Aksa Tufanının üzerinden geçen bir yılda Gazze halkının bedenlerinin her bir parçası sağnak olup yine Gazze topraklarına düştü. Mehmet Akif’in Çanakkale için yazdığı

Ölüm indirmede gökler, ölü püskürmede yer

O ne müdhiş tipidir: savrulur enkâz-ı beşer…

Kafa, göz, gövde, kol, çene, parmak, el, ayak

Boşanır sırtlara, vâdilere sağnak sağnak

Mısralarının cisimleşip surete büründüğüne bütün dünya şahitlik etti.

Şüheda gövdesi, bir baksana, dağlar, taşlar…

o rüku olmasa eğilmez başlar

dizelerinde dile getirilen Allah’tan başkası önünde boyun eğmeyen başların biçildiklerine ama asla eğilmediklerine arz şahitlik etti, gök şahitlik etti.

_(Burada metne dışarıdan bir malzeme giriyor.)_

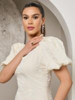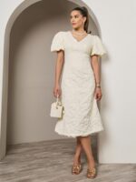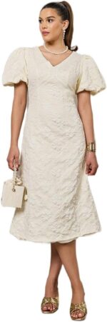 Category: Dresses Tags: Aline, Dress, Embossed, Floral, Midi, Puff, Sleeves, Styli, Womens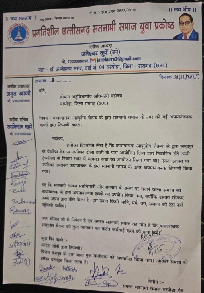 सतनामी समाज के सम्मान और आस्था पर चोट करने वाले कथित बयान ने पूरे क्षेत्र की सामाजिक शांति को झकझोर दिया है। शुक्रवार को प्रगतिशील छत्तीसगढ़ सतनामी समाज युवा प्रकोष्ठ, घरघोड़ा ने दो चरणों में—थाना प्रभारी घरघोड़ा और SDM घरघोड़ा—को अलग-अलग ज्ञापन सौंप कर कथावाचक आशुतोष चैतन्य के विरुद्ध कठोर कार्रवाई की मांग की।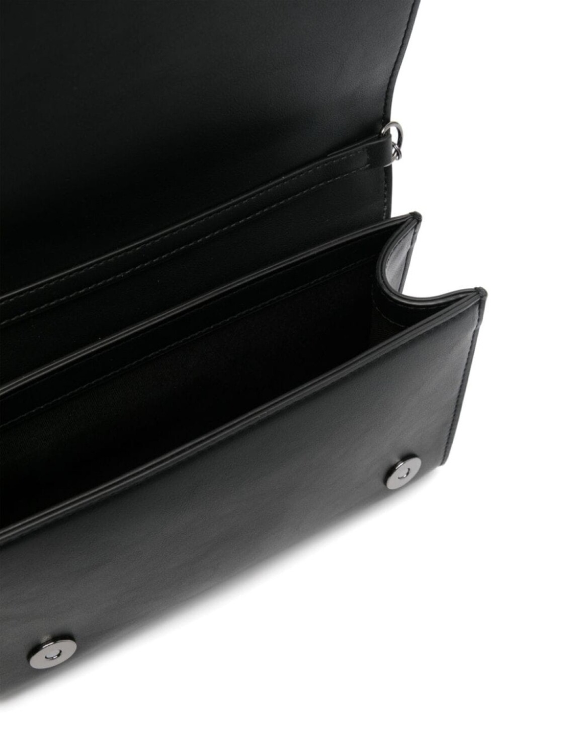 Черная искусственная кожа тонового дизайна, люверсы, логотип, надпись, откидной клапан сверху с магнитной застежкой, цепочный плечевой ремень, основное отделение, внутренние слоты для карт

Tüm bu şahitlikler Gazze’yi modern zamanların en büyük KISSA’sı haline getirdi.

Gazze’nin şahidi olan bizler,

Aziz ve hamid olan bir Allah’a iman ettiklerinden dolayı ateş dolu çukurlara atılan mü’minleri,

Ateşe atılan İbrahim Aleyhisselamın ‘Allah bize yeter’ sözünün hakîkatini,

Şehrin öte yanından elçileri desteklemek üzere koşarak gelip hakkın hatırını her şeyin üstünde tutan ‘Koşan Adam’ı,

“Rabbim! Bana katında cennette bir ev yap. Beni Firavundan ve onun yaptığı işlerden koru ve beni zalimler topluluğundan kurtar” diyen Asiye annemizi ve daha nicelerini sahiden anlamaya başlarken, tevekkül, cihad, sabır, rıza, iman, şehadet, ahiret,  gibi temel Kur’an’î kavramların dünyasından ne kadar uzaklaşmış olduğunu da görmüş olduk.       

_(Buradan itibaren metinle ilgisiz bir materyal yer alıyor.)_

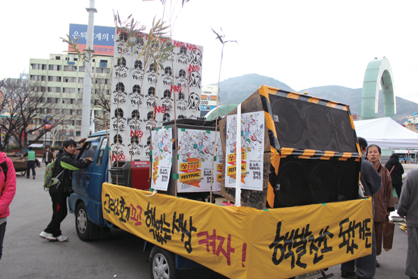 지난번 한진중공업 희망버스를 준비하면서 우리끼리 이런 얘기를 했어요. ‘우리 연봉이 얼마쯤 되겠노?’ ‘한 오백만원 쯤 되겠네’라고요. 연봉 5백만 원인 비주류 문화 노동자가 모여서 한진중공업 해고자 복직 투쟁에 연대에 참여하려고 며칠 밤잠 설치면서 공연준비를 하는 건 우리가 희망하는 삶이 자본의 교환 가치에 좌우되지 않기 때문이에요. 어디에 가치를 두느냐에 따라 삶은 달라진다고 봐요.”

Evet! Gazze halkı kanlarıyla, canlarıyla, parçalanmış bedenleriyle, tevekkülleriyle, sabırlarıyla, Rablerine olan sarsılmaz güvenleriyle, düşmanla kora kor mücadele etmeleriyle, asla pes etmemeleriyle modern dünyada yazılmış en büyük kıssanın kahramanları haline gelmiştir.  Kıssayla aynı kökten gelen kısas kavramanın kanın izini takip anlamına geldiğini ve Gazze’de akan kanın izini sürmeye ahd etmiş olanların kıssadan hisse çıkarmaya başladıklarını söyleyerek yazımızı tamamlayalım.

*Bu makalede ifade edilen fikirler yazara aittir ve İslam Düşüncesi'nin editoryal duruşunu yansıtmayabilir.